- Mark as New
- Bookmark
- Subscribe
- Mute
- RSS Feed
- Permalink
- Report Inappropriate Content
I want to create varX = (w, b, h, s) [4 cardinal variables] and varY = (yes, no) and then sample with replacement, with probability. ProbX = (0.6, 0.2, 0.15, 0.05) and ProbY = (0.8, 0.2). The sample size for X is X_total = (20, 50, 100, 200, 500 and 1000) and sample size for Y is each type of X for any given X_total and I have to do this by bootstrap and then compare them against the theoretical results of a 2D chi-square test. I am stuck at defining the variables X and Y. Can someone please help me with the syntax or point me to a tutorial on how to define variables in SAS? I'm familiar with R and have no clue on this one.
Thanks
- Mark as New
- Bookmark
- Subscribe
- Mute
- RSS Feed
- Permalink
- Report Inappropriate Content
I don't understand some of your question because you are mixing "variable" with "value" , I think.
Without any other values involved one basic approach to making a data set with a fixed number of observations would look like this:
data yournamegoeshere; do i = 1 to 100; output; end; run;
That will create as sequence of records with the value of the variable i = 1,2,3 ... 100, which you may see are the limits of the do loop starting at 1 ending at 100.
The Rand('table') function is the way to provide given probabilities to selecting values. I'll show the second as it has a useful bit of SAS information for use:
data example; do i= 1 to 10; y= rand('table',.2,.8)-1; output; end; run;
The table function will assign the value 1 with the first probability, 2 with second, 3rd etc. If your total of the probabilities provided totals less than 1 then then the remaining chance will go to N+1. If the total of the probabilities exceeds 1 this gets a bit harder to explain so leave it as best to have the parameters total to 1.
The above is my suggestion to create a variable that is coded 0/1 with 1 standing for Yes(or True). SAS will will treat the value 1 as True and 0 as False so you can simplify some code involving IF constructs to "If Y then <do something>". If you use Y/N or 'Yes/No' or similar then you have to explicitly state the value in comparisons. Additionally summary counts for a 1/0 coded variable can be accomplished with the SUM function, the sum is the number of 1's and the Mean is the percent of 1's as a decimal value.
The 4 level would look like:
data example; do i= 1 to 100; y= rand('table',.2,.9)-1; x= rand('table',0.6, 0.2, 0.15, 0.05) ; output; end; run;
Which will generate X of 1,2,3 or 4. If you want to SEE something like w, b, h, s then create a custom format and use that when you need to see those values.

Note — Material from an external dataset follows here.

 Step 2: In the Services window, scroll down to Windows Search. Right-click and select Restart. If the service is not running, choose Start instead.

Proc format; value myx 1='w' 2='b' 3='h' 4='s' ; run;
proc freq data=example;
format x myx. ;
run;
Formats are the basic way of controlling displayed values in SAS. They have an additional functionality that groups defined by a format will be used for reporting, analysis and most graphing tasks. So in your example if we created a format like
Proc format; value myxbh 1='w' 2,3='bh' 4='s' ; run;
We could
Proc freq data=example; format x myxbh. ; run;
see the affects of having that 'bh' appear with roughly .35 probability without having to recreate the data set.
Note: do not end the name of a format with a digit. The digits in formats control display positions so myx3. would occupy 3 output positions in general (even when only 1 is used padded) .

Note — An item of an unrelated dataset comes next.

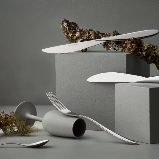 Designad av Odd Leikvoll 2014. Naturinspirerad design med ett modernt men samtidigt klassiskt uttryck, hämtad från vågskvalp från Hardangerfjorden. Balanserad vikt för bra grepp. Polerad finish. Levereras i presentförpackning.

Part of what I have no clue of is this: The sample size for X is X_total = (20, 50, 100, 200, 500 and 1000). IS implies a single value to me. My guess is that in SAS you either create multiple data sets by changing the upper limit of i in the examples OR create one data set with 1000 records and then filter the data set for use by using a Where statement to restrict which records are used for a given purpose. A third approach could be to use a format on the I variable.

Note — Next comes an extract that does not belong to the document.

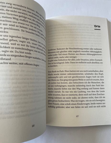 "Zwei junge Frauen treffen in einem Park aufeinander - so beginnt ihre gemeinsame Suche nach dem eigenen Leben. Einem Leben ohne Verpflichtungen, ohne Verzicht, ohne Kompromiss. Dabei wechseln Schlafplätze, Begegnungen und Eindrücke: durchdiskutierte Stunden mit Ian, Marlas Strahlen, Nächte auf den Beinen, Davids Worte, ausgesprochen an einem Ort hoch über der Stadt. Doch führt jedes Suchen zu einem Finden? Eine Geschichte über die Sehnsucht nach Verbindung und Freiheit.

data example; do i= 1 to 1000; y= rand('table',.2,.9)-1; x= rand('table',0.6, 0.2, 0.15, 0.05) ; output; end; run; Proc format; value myx 1='w' 2,3='bh' 4='s' ; value i_20_ 1 - 20 = 'first 20' other='More than 20' ; value yn 0='N' 1='Y' ; run; proc freq data=example; by i; table x*y /chisq; format i i_20_. x myx. y yn.; run; /* or */ Proc freq data=example; where i le 20; table x*y /chisq; format i i_20_. x myx. y yn.; run;
- Mark as New
- Bookmark
- Subscribe
- Mute
- RSS Feed
- Permalink
- Report Inappropriate Content
If you want to simulate two independent discrete variables (uncorrelated), you can use the RAND function and the "Table" distribution. See
https://blogs.sas.com/content/iml/2011/07/13/simulate-categorical-data-in-sas.html
That article has a macro variable
%let NSim = 10000; /* sample size. 20, 50, 100, 200, 500 and 1000 */
that determines the sample size.
I don't understand the rest of your questions. Since you are "familiar with R," you can post your R program and maybe that will help us understand what analysis you are attempting.